May 3, 2014

On The Bitter Tea of General Yen (Capra, 1933)

Had the chance to see this at Film Forum. Was immediately taken with Barbara Stanwyck. She's like the original Greta Gerwig!


Frank Capra’s The Bitter Tea of General Yen (1933), set in Shanghai during the Chinese Civil War, features Barbara Stanwyck as an American missionary’s fiancĂ©e who develops a psychosexual interest in General Yen, played by Nils Asther in yellowface. General Yen, too, is fascinated with Stanwyck’s character Megan and holds her hostage at his estate. The film is not a romance in the usual sense of the word; rather, Yen waits patiently for his hostage to capitulate and accept her capture, while Megan fights against the anxiously erotic feelings she has for this strange, baroque man. After an intense sex dream, Megan decides to give in to Yen, but it is too late — the general has poisoned himself because of his unrequited love. While other films may portray the female figure as a damsel in distress against a foreign Other, no white man comes to save Megan and preserve her white purity.

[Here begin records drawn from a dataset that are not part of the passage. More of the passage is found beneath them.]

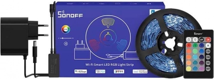 Slimme LED‑lichtstrip Sonoff L2 Lite 5 m met RGB, Wi‑Fi en Bluetooth. Bediening via eWeLink, spraak (Google/Alexa), scènes en timers. Eenvoudige zelfklevende installatie.
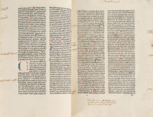 ÉDITION INCUNABLE ENTIÈREMENT RUBRIQUÉE de ce commentaire des Sentences de PIERRE LOMBARD par le théologien GRÉGOIRE de RIMINI (1300-1358), Général de l'ordre des ermites de saint Augustin en 1357 .
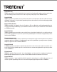 Limited Warranty TRENDnet warrants its products against defects in material and workmanship, under normal use and service. Specific warranty periods are listed on each of the respective product pages on the TRENDnet website. Garantie Limitée TRENDnet garantit ses produits contre les problèmes de matériel ou de fabrication, dans des conditions normales d'utilisation et de service. Les périodes de garanties précises sont mentionnées sur chacun des pages produits du site web de TRENDnet.

The film is less an action narrative in which Megan is to be saved than a horror film about interracial desire. While the configuration of the General Yen character as a godless heathen yet elegant mandarin is undoubtedly racist, it is canny casting: for what is General Yen but an erotic fiction of a white woman’s imagination in the first place? Orientalism is a way to read and author text into being. The text does not produce itself. The character is so ridiculous, and so intertwined with Megan’s own sexual self, that he does not really exist at all, but is a mirror or projection, a phantasm. Asther’s performance is not that of an Oriental mad villain, but an impression of the white imagination. The on-screen prohibition of sexual contact between actors of different races belies a thematic fascination with miscegenation.